Study applies new tools to view dynamic action of immune system molecule

February 1, 2011 by Philip Lee Williams

( -- Like a blood-borne army, immunoglobulin G belongs to a class of antibodies that binds to viruses, fungi, bacteria and other foreign particles to initiate their destruction. It does this by attaching to unique features on the invader’s cell surface and signaling their presence to defensive cells. Precisely how this latter step happens is not entirely clear to scientists. However, finding how this happens could lead to the development of ways to boost weakened immune systems and treat such diseases as rheumatoid arthritis.

Now, using a technique called solution nuclear magnetic resonance (NMR) spectroscopy, along with enzymology, a team at the University of Georgia has uncovered new knowledge about how immunoglobulin G (known as IgG and part of a larger, better-known gamma globulin family) is recognized by the body, and in particular, how sugar molecules, or “glycans” that are part of IgG may mediate this recognition.

“What we have exploited is a new technology for remodeling glycans and making them visible at a molecular level,” said James Prestegard, a professor at the UGA Complex Carbohydrate Research Center and corresponding author of the research, which was just published in the journal Nature Chemical Biology and funded by the National Institutes of Health. “Using powerful isotope-labeling and NMR tools has let us look deeply into the way molecular interactions with IgG occur.”

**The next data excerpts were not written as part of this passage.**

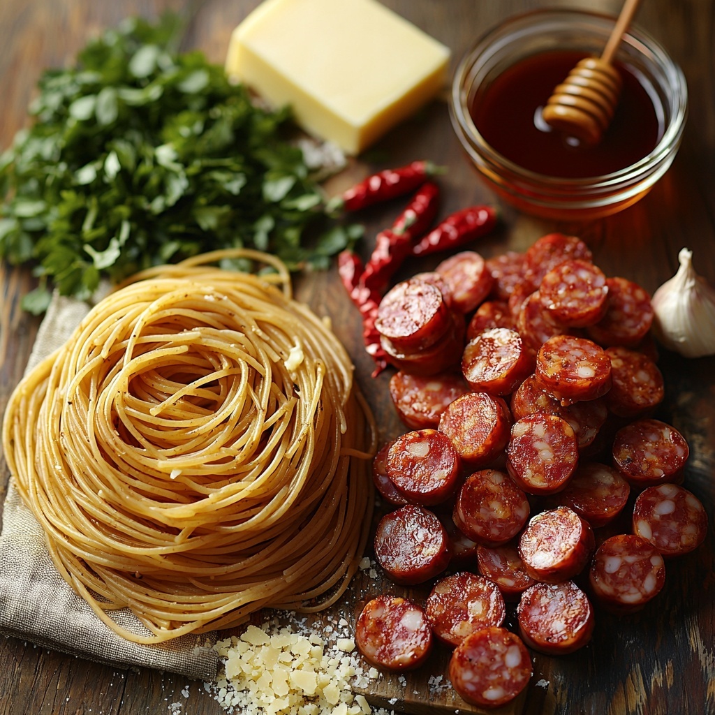The magic behind this Sticky Honey Garlic Sausage Pasta Recipe lies in a handful of simple yet powerful ingredients. Each one plays a starring role—from the smoky sausage that adds depth and texture, to the honey and garlic combination that brings a luscious, sticky glaze that clings beautifully to every noodle. Let’s break down what you need to gather before cooking.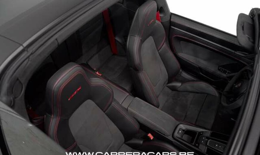 * Equipements : Pack GTS intérieur & exterieur, Pack intérieur en carbone mat, Seuils de porte en carbone, éclairés, Volant sport GT chauffant en Race-Tex, Cadrans de compteurs en Rouge Carmin, Sièges sport adaptatifs Plus, réglables électriquement sur 18 positions avec pack mémoire et chauffants, Bas de caisse Sport Design, Éclairage d’ambiance à LED avec logo Porsche, Lamelles d’entrée d’air du capot arrière peintes dans la couleur extérieure, Bande lumineuse arrière Exclusive Design, Système de levage hydraulique de l’essieu avant (SMART LIFT), Direction assistée Plus, Phares à LED avec technologie Matrix, Rétroviseurs intérieur et extérieurs à atténuation automatique avec capteur de pluie et electrique, Assistance au changement de voie (Lane Change Assist), ParkAssist avec Camera vue panoramique (Surround View), Assistance au maintien de voie (Lane Keep Assist) incluant l’indicateur de limitation de vitesse, Régulateur de vitesse adaptatif, Pack d’éclairage d’ambiance intérieur, Système audio Surround BOSE®, Protection complète PPF, Bac de coffre, Tapis de sol toutes saisons (noirs), Chargeur Porsche Charge-o-mat Pro, Housse d’intérieur, Climatisation Bi-Zones, GPS Navigation Plus & Virtual Cockpit & CarPlay, Multimédia Radio, AUX, USB, Bluetooth & Téléphone, Pack Chrono, Key-Less, Direction Assistée, etc..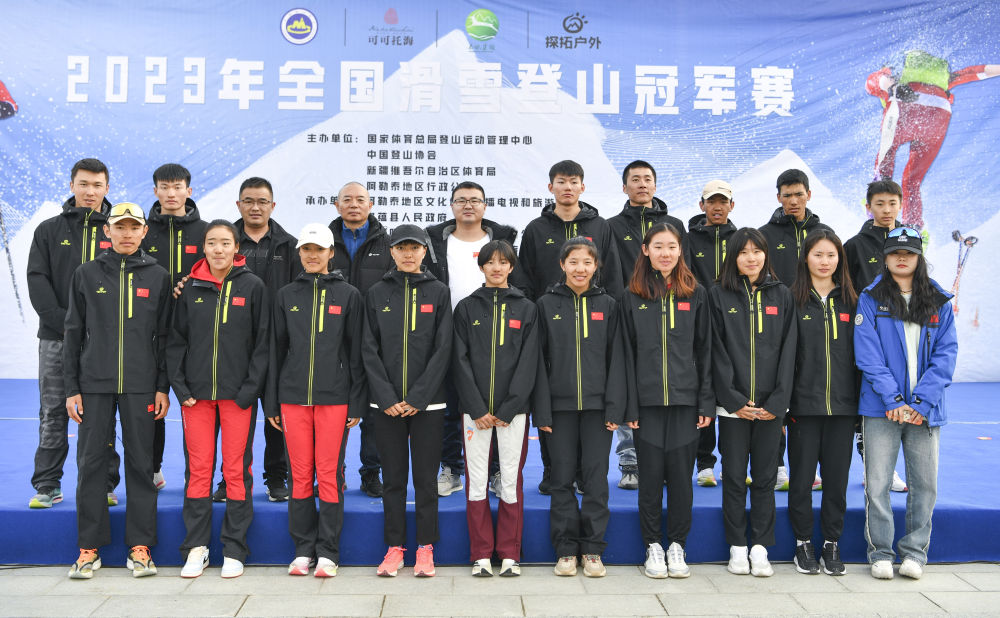 這是在首屆全國滑雪登山冠軍賽期間拍攝的布魯爾(前排左一)、次旦玉珍(前排左五)和國家集訓隊合影(2023年4月7日攝)。新華社記者 胡虎虎 攝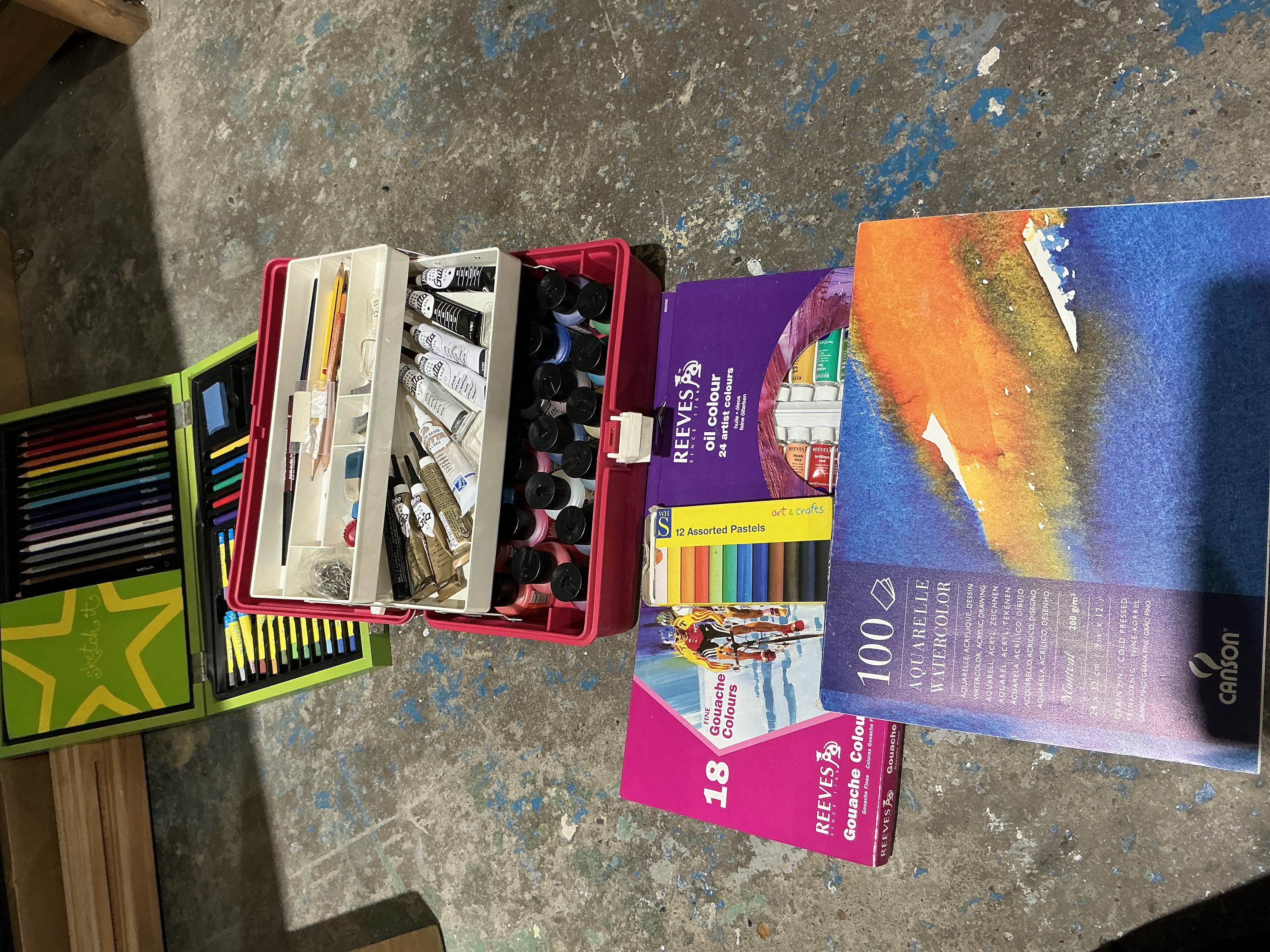 A collection of various artist supplies and media. The group includes a red plastic multi-tier cantilever art box containing assorted tubes of paint, brushes, and accessories. Also included is a green folding Sketch It kit containing a variety of coloured pencils. Boxed sets comprise Reeves oil colours (24 artist colours), Reeves fine gouache colours (18 count), a WHSmith set of 12 assorted pastels, and a Canson Aquarelle watercolour paper pad. The items feature printed manufacturer marks for Reeves, Canson, and WHSmith.

(“Glycan” is a general term that refers to a chain of sugar molecules. Glycans can in turn be linked to other molecules, such as the IgG protein in this study, making a glycoprotein.)

The co-author of the paper is Adam Barb, a postdoctoral fellow at the CCRC. In addition to his position at CCRC, Prestegard is a professor in the departments of biochemistry and molecular biology, and chemistry at UGA, and also is a Georgia Research Alliance/Varian Eminent Scholar of NMR Spectroscopy.

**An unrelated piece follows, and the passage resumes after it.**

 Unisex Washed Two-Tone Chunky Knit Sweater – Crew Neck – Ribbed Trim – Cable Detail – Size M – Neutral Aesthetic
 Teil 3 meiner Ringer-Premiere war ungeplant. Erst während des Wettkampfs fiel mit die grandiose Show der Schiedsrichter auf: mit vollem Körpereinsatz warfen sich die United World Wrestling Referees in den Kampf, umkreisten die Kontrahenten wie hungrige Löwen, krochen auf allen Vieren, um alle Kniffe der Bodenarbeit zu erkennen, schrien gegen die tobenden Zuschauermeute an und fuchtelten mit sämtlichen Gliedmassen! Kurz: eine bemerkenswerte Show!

The new structural knowledge about how IgG binds to the body through receptors could offer a point for therapeutic intervention, though the current research is only a first step in that direction. More immediately important, it opens the entire subject of glycoprotein function to the possibility of new studies, said Prestegard.

IgG is involved in an extremely complex process when health is compromised by certain threats. It triggers the process by interacting with characteristic molecules at the invaders’ cell surface and signaling through what is called the “fragment crystallizable” (Fc) region or domain of IgG. The immune system is activated, and a localized inflammation occurs. At this point, a sensitive cellular balancing act is kicked off. If the biochemical reaction becomes unbalanced, the result can be a serious disease, such as .

“There is good reason to believe the glycans attached to the Fc fragment play a role in maintaining this balance in sensitivity,” said Prestegard, “and that the molecular structure of glycans and the way they sample various structures could help in the design of new glycoforms with a modified immune response. The NMR studies we present in this study take a step toward that understanding.”

Current structural knowledge of the Fc region and its glycans is substantial, but up to this point that knowledge has done little to resolve questions regarding how the glycan mediates the interaction between the Fc and the body. The new approach combining glycan remodeling and solution NMR spectroscopy to look at dynamics as well as structure may surmount many previous problems involved in glycan studies.

According to the authors, the findings presented in the new research have, “significant implications for possible improvements in intravenous IgG therapy for patients suffering from severe cases of rheumatoid arthritis” Prestegard said that work from the laboratory of Jeffrey Ravetch at Rockefeller University on the importance of specific glycans to the anti-inflammatory activity of the IgG antibody has been particularly important in motivating the UGA studies of glycan accessibility.

“In addition to the findings in this study, we now believe these techniques will be applicable to a wide range of glycoprotein studies,” said Prestegard, “though further methodological improvements will be required for more complex systems. What we do believe now is that these methods will be central to studying the association of the Fc fragment with cell-surface receptors and characterizing the role glycans play in these interactions.”

While the new findings could apply to treatment of many diseases, the possibility of their adding to our understanding of rheumatoid arthritis alone would be significant, said Prestegard. According to the National Institute of Arthritis and Musculoskeletal and Skin Diseases, more than a million people in the United States suffer from this disease.